*** Provided material ***
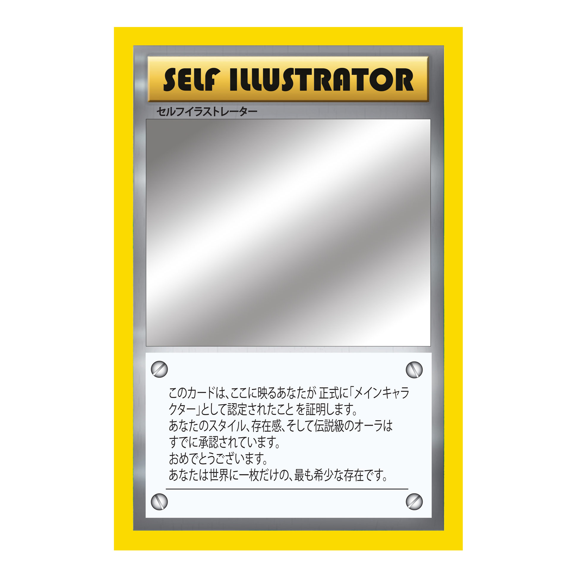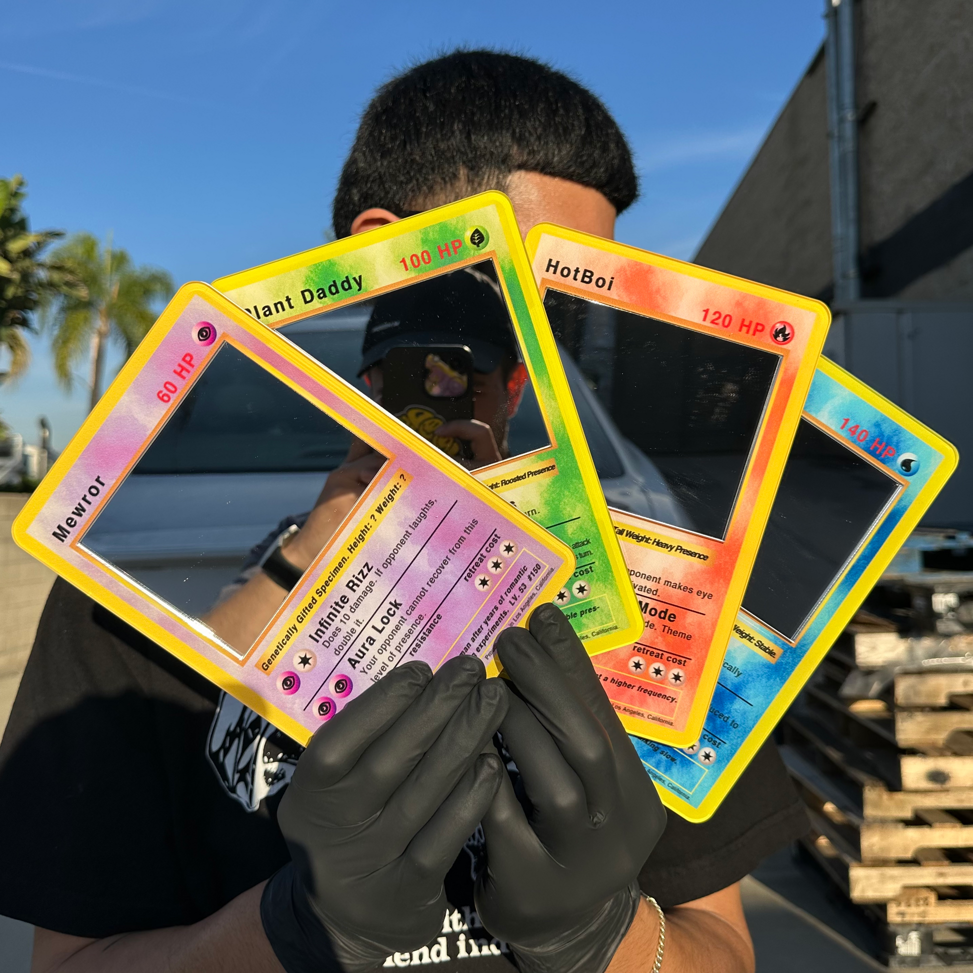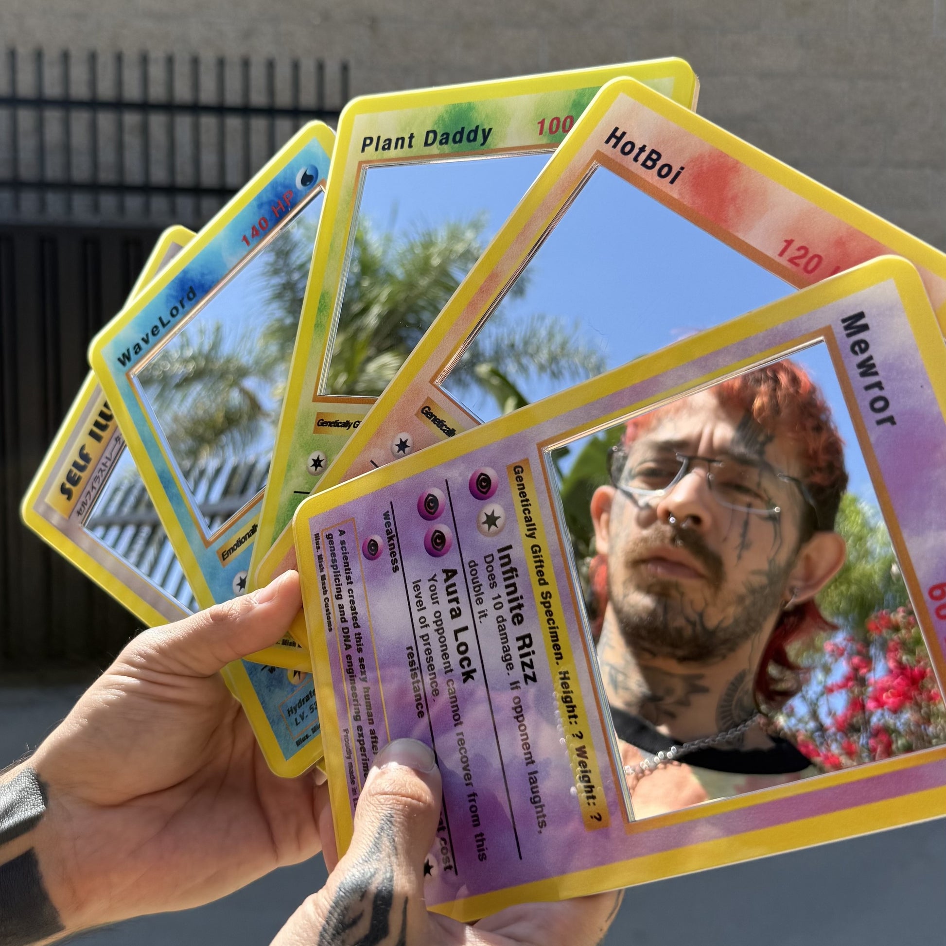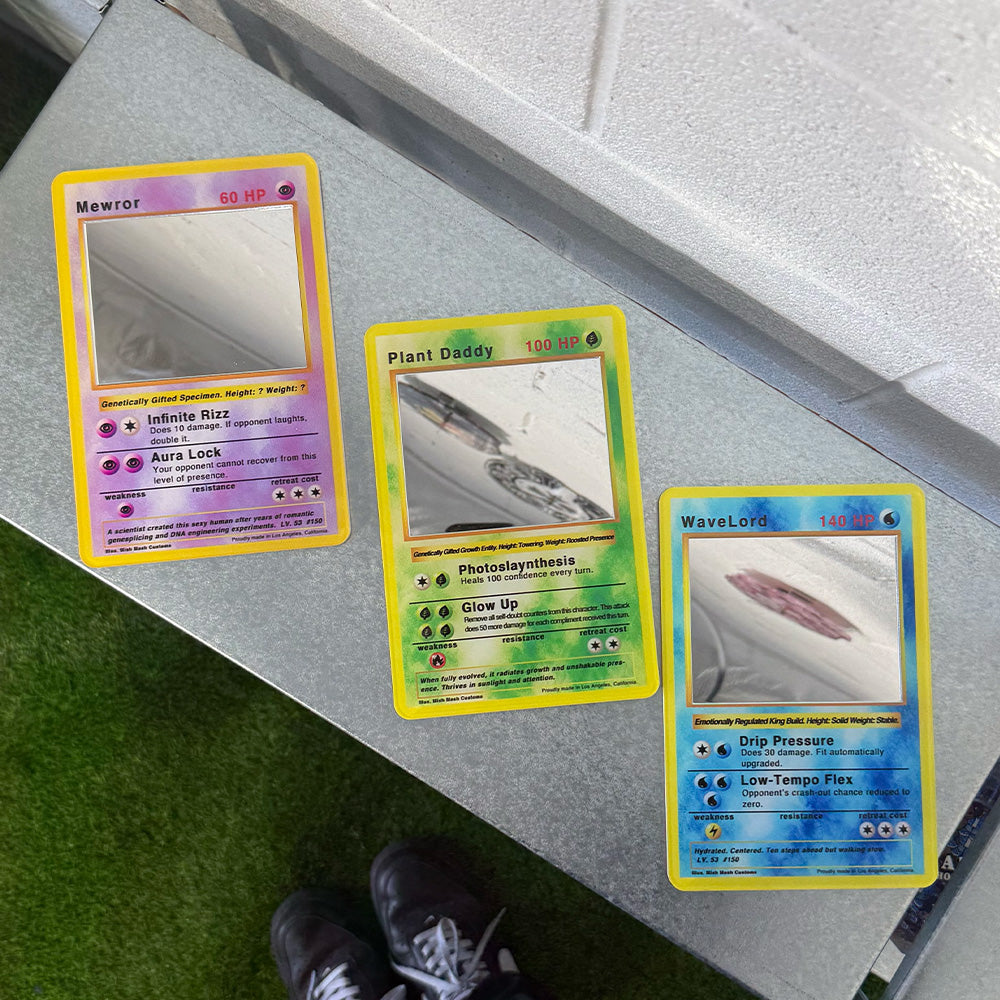 Each mirror recreates the classic trading card layout but replaces the center artwork with a real mirror, so the reflection becomes the "character".
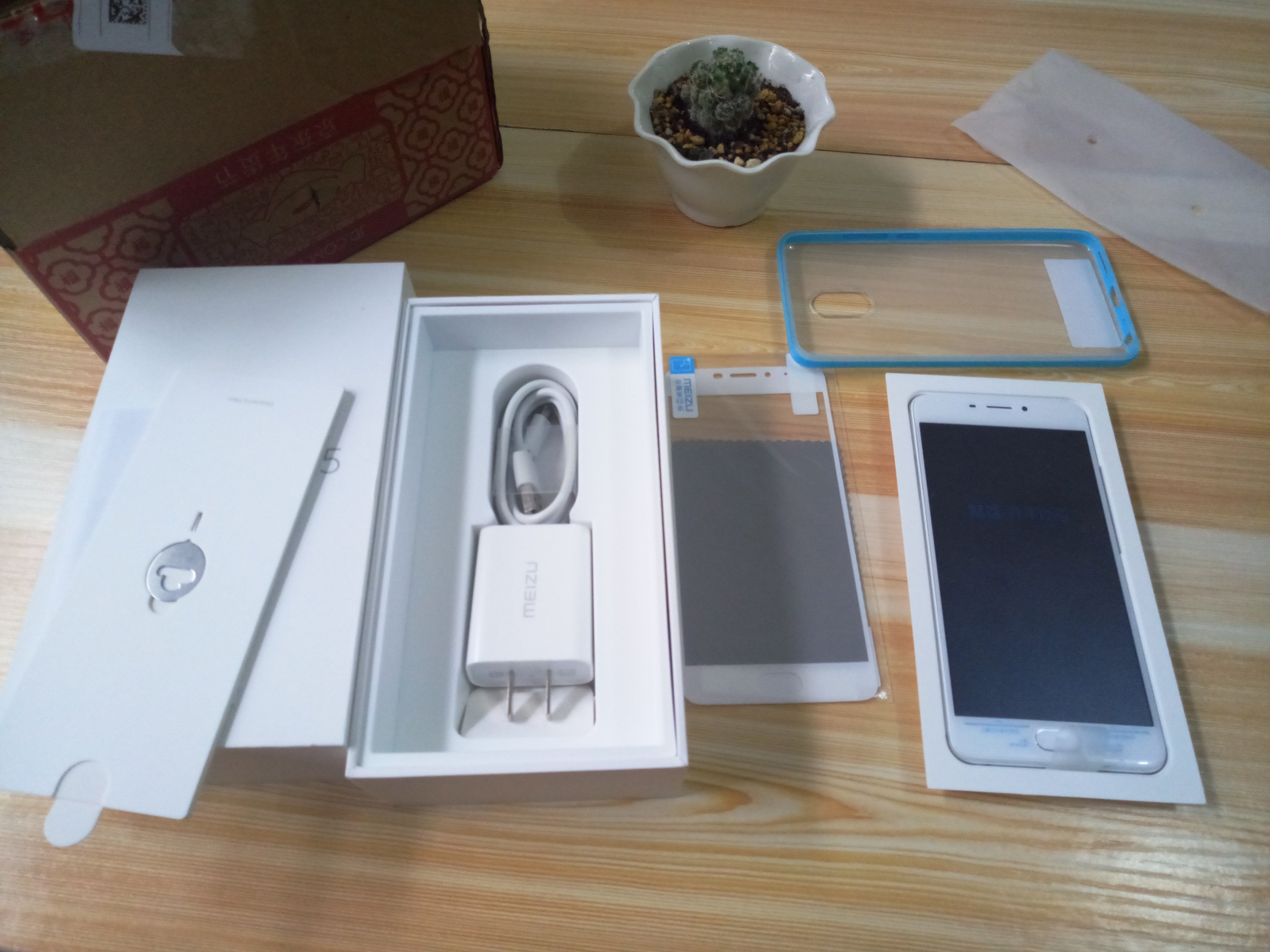 拆开京东包装后就是魅蓝note5的包装盒了,因为买的是礼盒版,所以除了手机说明书数据线充电器外还送了一个全覆盖膜和一个手机软壳
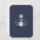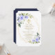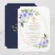 Design de cartão elegante com flores azuis de cor aquosa e folhas verdes, formas falsas de ouro, cruz fina de ouro, sobre fundo branco. Nas flores traseiras, divisor floral buquê, cruz dourada, iniciais, sobre fundo azul-da-noite. Use a ferramenta Personalizar para adicionar suas informações, alterar fontes, cores da fonte. Para encontrar itens, por favor, visite minha Santa Coleção de Comunhão.
*** End of Provided material ***
If the material above contains pictures, exclude them from an otherwise exact transcription.

Task solution
 Each mirror recreates the classic trading card layout but replaces the center artwork with a real mirror, so the reflection becomes the "character".
 拆开京东包装后就是魅蓝note5的包装盒了,因为买的是礼盒版,所以除了手机说明书数据线充电器外还送了一个全覆盖膜和一个手机软壳
 Design de cartão elegante com flores azuis de cor aquosa e folhas verdes, formas falsas de ouro, cruz fina de ouro, sobre fundo branco. Nas flores traseiras, divisor floral buquê, cruz dourada, iniciais, sobre fundo azul-da-noite. Use a ferramenta Personalizar para adicionar suas informações, alterar fontes, cores da fonte. Para encontrar itens, por favor, visite minha Santa Coleção de Comunhão.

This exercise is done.